Depuy ASR Hip Statute of Limitations May Expire in August for Some

As the two year anniversary of the DePuy ASR hip replacement recall approaches next month, time may be running out for some individuals to file a lawsuit over problems caused by the metal-on-metal hip.

DePuy Orthopaedics, a subsidiary of Johnson & Johnson, announced that they were recalling the DePuy ASR Hip Resurfacing System and XL Acetabular System in August 2010, impacting more than 93,000 devices sold worldwide.

At the time of the recall, the manufacturer acknowledged that post-marketing data suggested that up to 13% of the implants may fail within 5 years. However, more recent estimates have suggested that the DePuy ASR failure rate might be substantially higher.

Over the past two years, more than 6,000 people have filed a DePuy ASR lawsuit, alleging that the manufacturer knew or should have known that the implant was defective long before it was removed from the market.

As a result of the failure to recall the device earlier or provide warnings about the risk of problems, Plaintiffs claim that they have experienced or are at risk of experiencing early failure of their implant, as well as other health problems that may result from the microscopic metal particles released as the metal parts rub against each other.

Potential Statute of Limitations for DePuy ASR Hip Claims

Every product liability claim has a deadline, known as the statute of limitations, which requires that a lawsuit be filed within a certain amount of time after a cause of action arises or the injuries are discovered.

The exact calculation of the statute of limitations period in each DePuy ASR hip lawsuit depends on the circumstances surrounding that claim and the laws of the state where the surgery occurred. About half of the states in the U.S. have a statute of limitations period of only two years, but some states do allow additional time.
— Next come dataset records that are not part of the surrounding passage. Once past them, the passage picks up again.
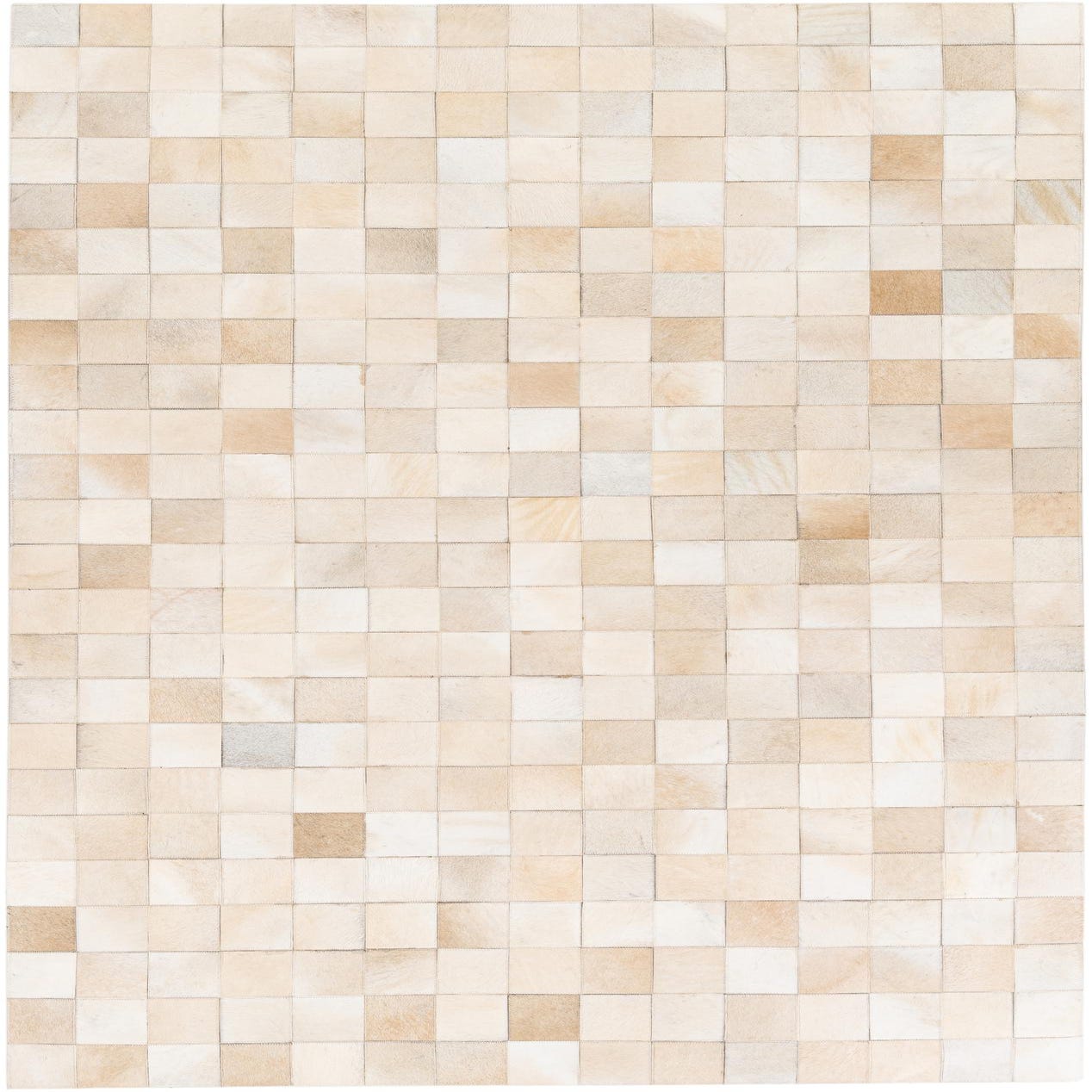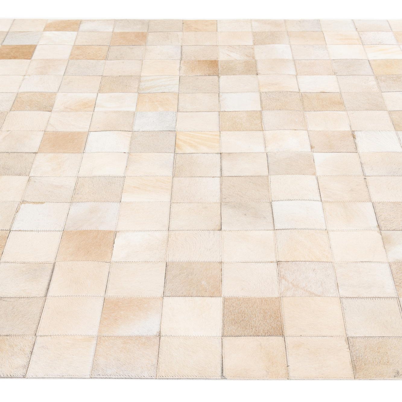 A 5x8 rectangular Cowhide Stocks rug from Rugs.com, featuring a modern patchwork of ivory and cream cowhide squares.
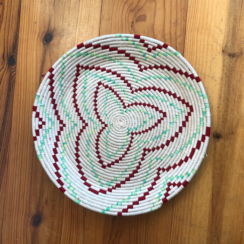 Grote rieten schaal met rood en groen motief
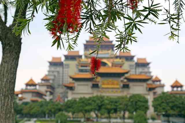 目前云天文化城开放的3大主景:古典园林、6大主题展馆、天圣宝殿之弥勒佛座像。
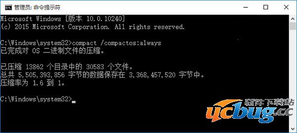 熟悉DISM映像部署和管理工具的朋友可以使用该工具以Compact压缩方式安装Windows10,除此之外,用户也可以在系统安装完成后随时开启Compact压缩,已经有一些第三方工具提供了这一功能,如果不借助第三方工具的话也只需要一条命令即可,方法如下:
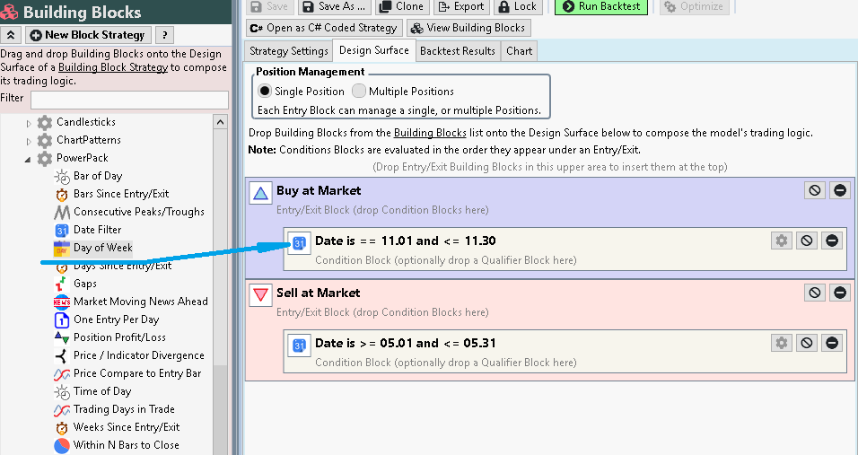 Hello, I want to create a simple strategy of buying on the last day of a certain month, e.g. October, and hold for x number of days.

While no court has ruled on the DePuy ASR hip replacement statute of limitations period, it is possible that attorneys for Johnson & Johnson and DePuy may attempt to argue that the two year window to file a claim started running on the date of the recall. Therefore, individuals who are subject to a two year statute of limitations may be barred from obtaining a recovery if their lawsuit is not filed before August 26, 2012.

Metal-on-Metal Hip Replacement Problems

The DePuy ASR is a metal-on-metal hip replacement system, which features chromium and cobalt in it’s ball-and-socket design.  As the metal parts rub against each other, microscopic metal particles may be shed into the body, potentially resulting in metallosis, which may cause the device to loosen or fail.

Similar problems have been reported with other metal-on-metal hip replacement systems that have not been recalled, including the DePuy Pinnacle hip, Biomet M2A-Magnum hip and Wright Conserve hip.

In May 2011, the FDA asked device manufacturers to obtain more information about the level at which the metal particles shed by hip replacements becomes dangerous, how much metal they actually shed and what the potential side effects of metallosis are.

On February 28, Britain’s health agency, the Medicines and Healthcare Products Regulatory Agency (MHRA) issued new guidance stating that patients who have received large-head metal hip implants should have blood tests to check for metallosis every year for the rest of their lives.

Last month, an FDA advisory committee recommended that recpients get an  annual blood test to check for metal blood poisoning if the implant was bothering them, and to get an X-ray of the device annually even if ot was not causing a problem.